DATA BELOW
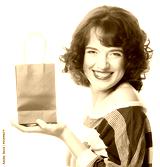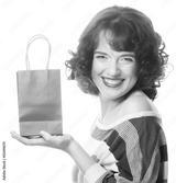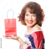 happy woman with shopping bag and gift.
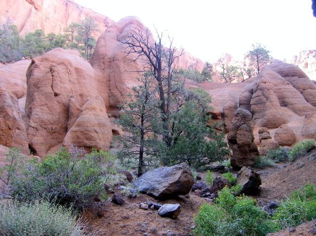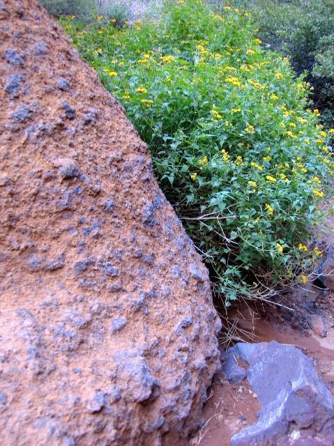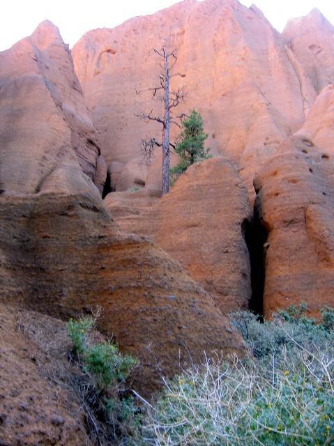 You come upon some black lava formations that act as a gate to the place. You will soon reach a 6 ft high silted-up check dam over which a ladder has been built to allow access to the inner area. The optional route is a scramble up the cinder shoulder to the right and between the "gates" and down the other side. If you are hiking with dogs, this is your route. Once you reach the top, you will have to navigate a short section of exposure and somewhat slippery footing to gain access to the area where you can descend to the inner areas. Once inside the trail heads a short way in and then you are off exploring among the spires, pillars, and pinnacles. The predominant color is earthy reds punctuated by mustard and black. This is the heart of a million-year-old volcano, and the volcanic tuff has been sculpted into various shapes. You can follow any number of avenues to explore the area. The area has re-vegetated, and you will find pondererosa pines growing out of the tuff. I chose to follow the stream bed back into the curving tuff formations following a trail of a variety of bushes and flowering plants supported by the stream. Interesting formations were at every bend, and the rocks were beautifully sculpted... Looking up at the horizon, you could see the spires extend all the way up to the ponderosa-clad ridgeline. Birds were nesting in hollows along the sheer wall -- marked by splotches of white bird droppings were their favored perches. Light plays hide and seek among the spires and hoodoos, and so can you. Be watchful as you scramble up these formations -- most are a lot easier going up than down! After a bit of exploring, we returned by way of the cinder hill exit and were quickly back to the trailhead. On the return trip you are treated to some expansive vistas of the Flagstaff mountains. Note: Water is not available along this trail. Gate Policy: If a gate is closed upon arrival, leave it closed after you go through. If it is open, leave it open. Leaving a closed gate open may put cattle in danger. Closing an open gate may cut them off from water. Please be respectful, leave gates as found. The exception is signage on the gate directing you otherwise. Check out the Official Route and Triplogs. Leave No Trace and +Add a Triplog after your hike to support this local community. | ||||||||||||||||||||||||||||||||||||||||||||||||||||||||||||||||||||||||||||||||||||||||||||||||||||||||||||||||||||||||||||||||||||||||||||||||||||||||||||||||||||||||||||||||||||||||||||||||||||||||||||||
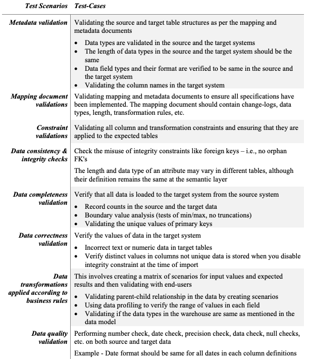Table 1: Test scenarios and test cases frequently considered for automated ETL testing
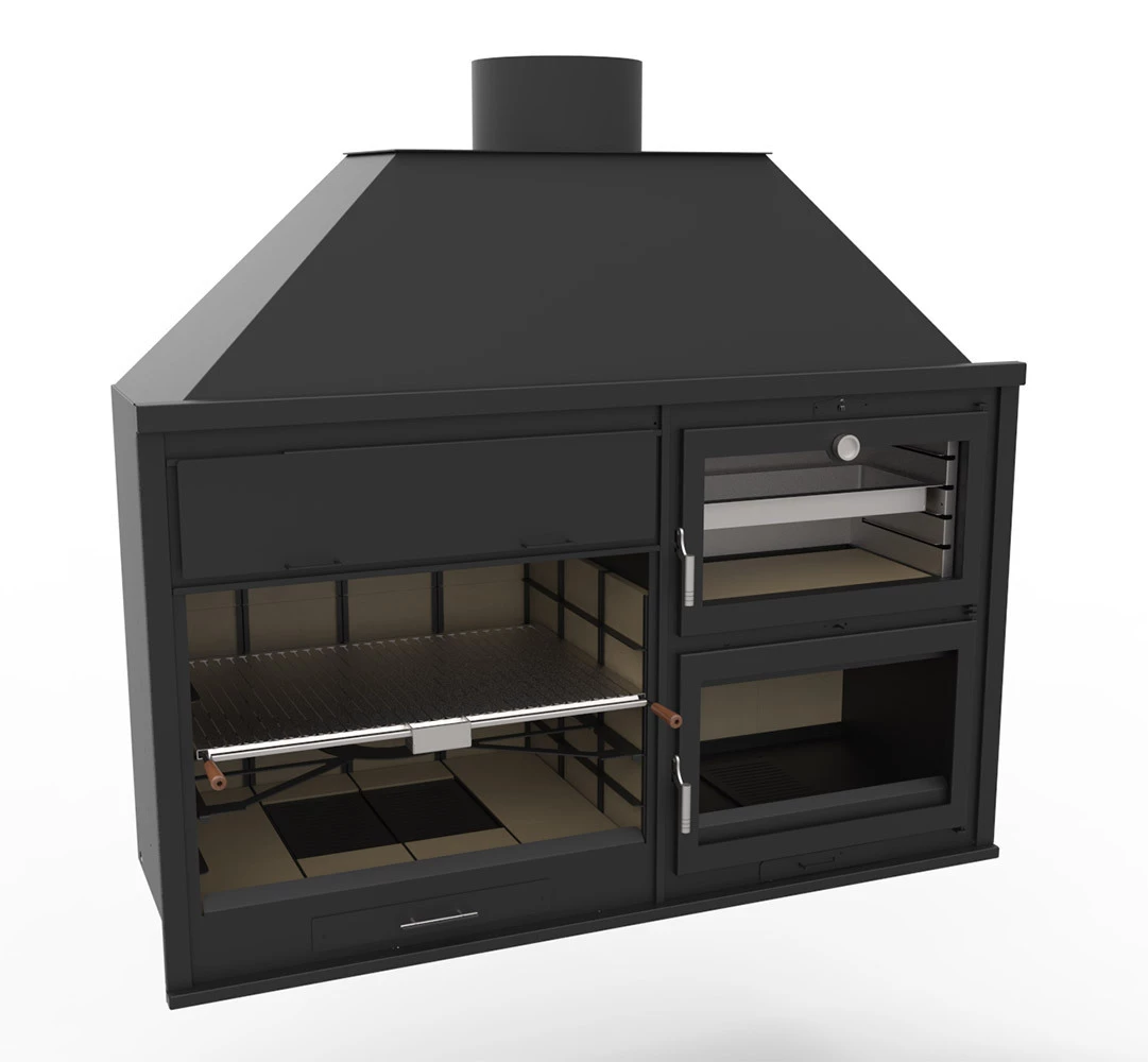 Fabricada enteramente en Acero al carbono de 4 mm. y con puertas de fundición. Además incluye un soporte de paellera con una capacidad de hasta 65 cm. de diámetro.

WHAT THIS TASK INVOLVES
Copy out all of the material exactly as written, without its pictures.

EXERCISE RESPONSE
 happy woman with shopping bag and gift.
 You come upon some black lava formations that act as a gate to the place. You will soon reach a 6 ft high silted-up check dam over which a ladder has been built to allow access to the inner area. The optional route is a scramble up the cinder shoulder to the right and between the "gates" and down the other side. If you are hiking with dogs, this is your route. Once you reach the top, you will have to navigate a short section of exposure and somewhat slippery footing to gain access to the area where you can descend to the inner areas. Once inside the trail heads a short way in and then you are off exploring among the spires, pillars, and pinnacles. The predominant color is earthy reds punctuated by mustard and black. This is the heart of a million-year-old volcano, and the volcanic tuff has been sculpted into various shapes. You can follow any number of avenues to explore the area. The area has re-vegetated, and you will find pondererosa pines growing out of the tuff. I chose to follow the stream bed back into the curving tuff formations following a trail of a variety of bushes and flowering plants supported by the stream. Interesting formations were at every bend, and the rocks were beautifully sculpted... Looking up at the horizon, you could see the spires extend all the way up to the ponderosa-clad ridgeline. Birds were nesting in hollows along the sheer wall -- marked by splotches of white bird droppings were their favored perches. Light plays hide and seek among the spires and hoodoos, and so can you. Be watchful as you scramble up these formations -- most are a lot easier going up than down! After a bit of exploring, we returned by way of the cinder hill exit and were quickly back to the trailhead. On the return trip you are treated to some expansive vistas of the Flagstaff mountains. Note: Water is not available along this trail. Gate Policy: If a gate is closed upon arrival, leave it closed after you go through. If it is open, leave it open. Leaving a closed gate open may put cattle in danger. Closing an open gate may cut them off from water. Please be respectful, leave gates as found. The exception is signage on the gate directing you otherwise. Check out the Official Route and Triplogs. Leave No Trace and +Add a Triplog after your hike to support this local community. | ||||||||||||||||||||||||||||||||||||||||||||||||||||||||||||||||||||||||||||||||||||||||||||||||||||||||||||||||||||||||||||||||||||||||||||||||||||||||||||||||||||||||||||||||||||||||||||||||||||||||||||||
Table 1: Test scenarios and test cases frequently considered for automated ETL testing
 Fabricada enteramente en Acero al carbono de 4 mm. y con puertas de fundición. Además incluye un soporte de paellera con una capacidad de hasta 65 cm. de diámetro.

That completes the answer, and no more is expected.